I feel strong and yet feel that at any moment, I may snap in two. I'm happy to interact with strangers but put me in room full of people I know, I can feel panic. I'm an extrovert but a virtual recluse. I'm calm and laid back, yet ever anxious. Going to bed, I often feel like I did the day before the start of a new school term - I want the world to end so that I don't have to go through with it. Yet, I push forward with life, scared of missing anything.
I despair at life and yet I love it with equal passion. I feel sadness in everything. I see beauty in everything.
Living and loathing life with equal passion is a delicate and sticky deal.
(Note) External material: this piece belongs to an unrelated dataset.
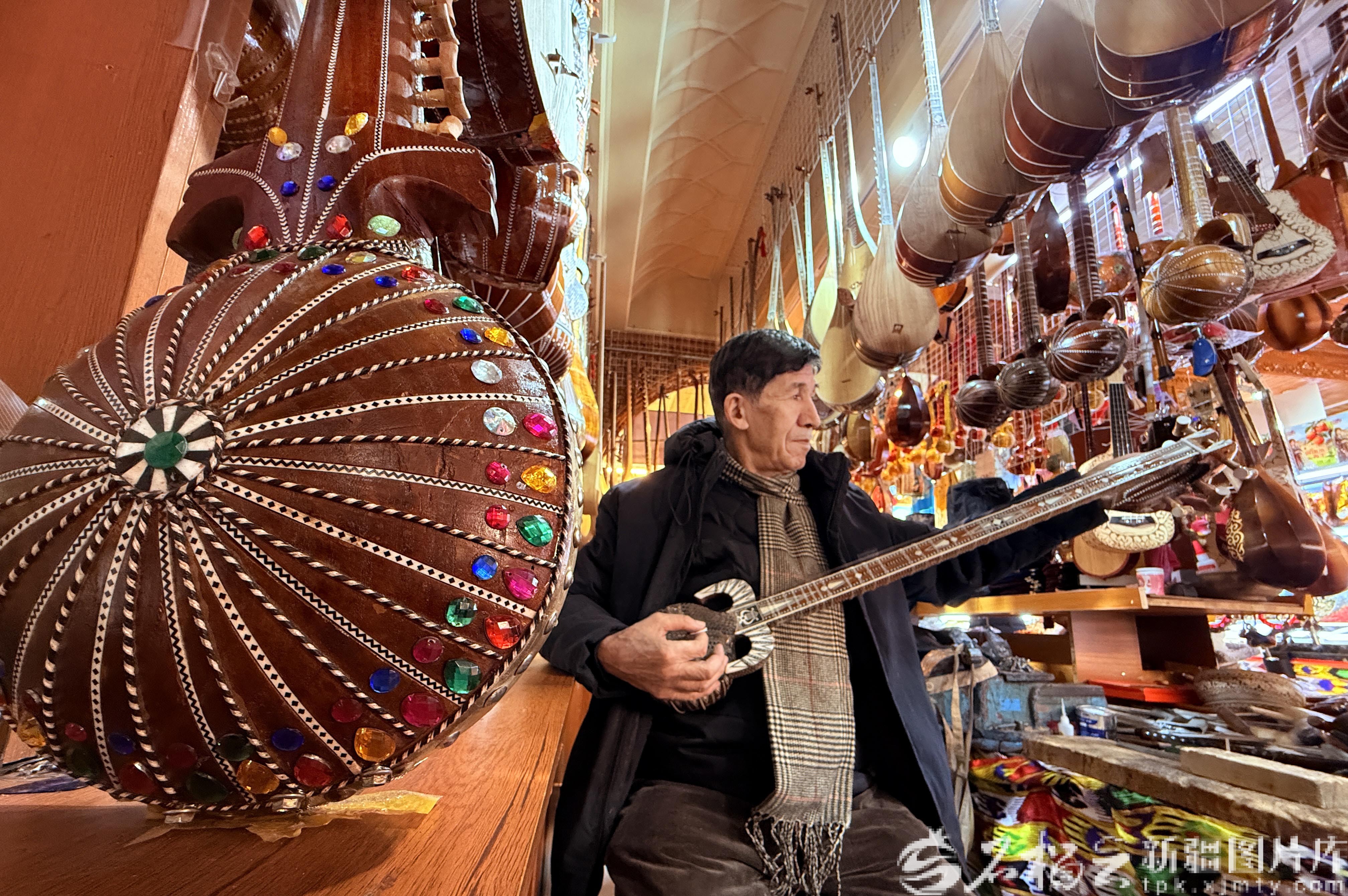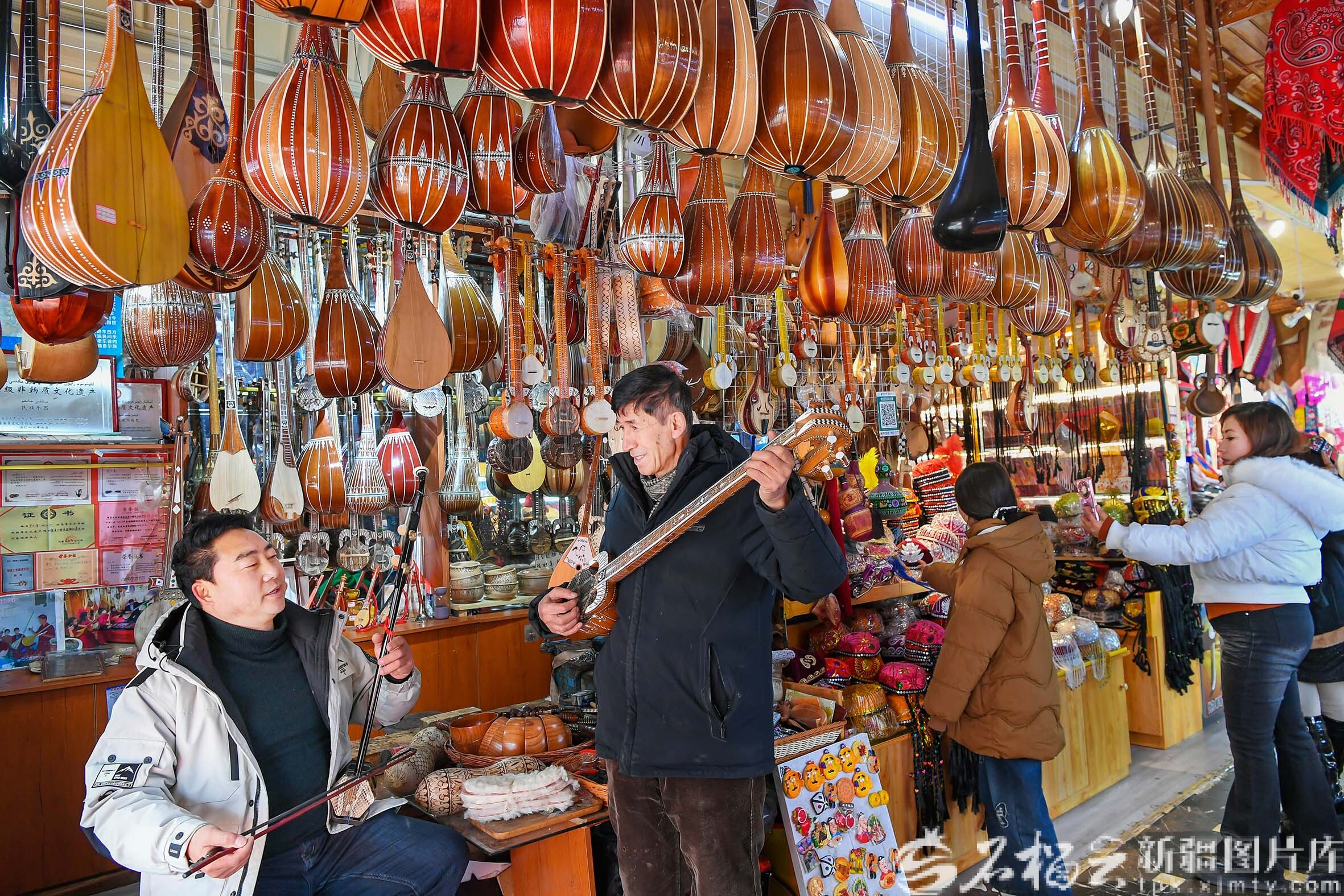 天山网-新疆日报讯(记者约提克尔·尼加提摄影报道)1月21日清晨,阳光漫过新疆国际大巴扎景区步行街的石板路,艾尔肯·吐么尔的乐器店里飘出悠扬的琴声。二胡的婉转与热瓦普的热烈交织缠绕。店内,来自贵州的乐器爱好者杨昭锦正与店主艾尔肯·吐么尔切磋弹奏技艺,两人虽初相识,指尖流转的默契却宛若相交多年的老友。“早就听闻艾尔肯师傅的制琴手艺出神入化,又同是爱琴之人,能和他交流切磋,不虚此行。”杨昭锦的话语里满是敬

It's like trying to take a tortoise for a walk at the same time as a lively puppy. It's frustrating and wearisome for all involved. When there are two parts of you, complete opposites, constantly vying for supremacy, it's hardly a recipe for emotional equilibrium. I want to 'dance as if no one is watching' and yet I want to fall to my knees and howl at the sadness and disappointments of life.
No other human will ever understand you as you understand you. Plus, understanding how complex and contradictory you are can lead to a greater understanding and empathy of others, not to mention, help forge peace with your biggest nemesis - yourself!
I like me. I dislike me. But I'll always be me. Better to nurture the former then because I sure can't take a holiday from myself.
A Moodscope user.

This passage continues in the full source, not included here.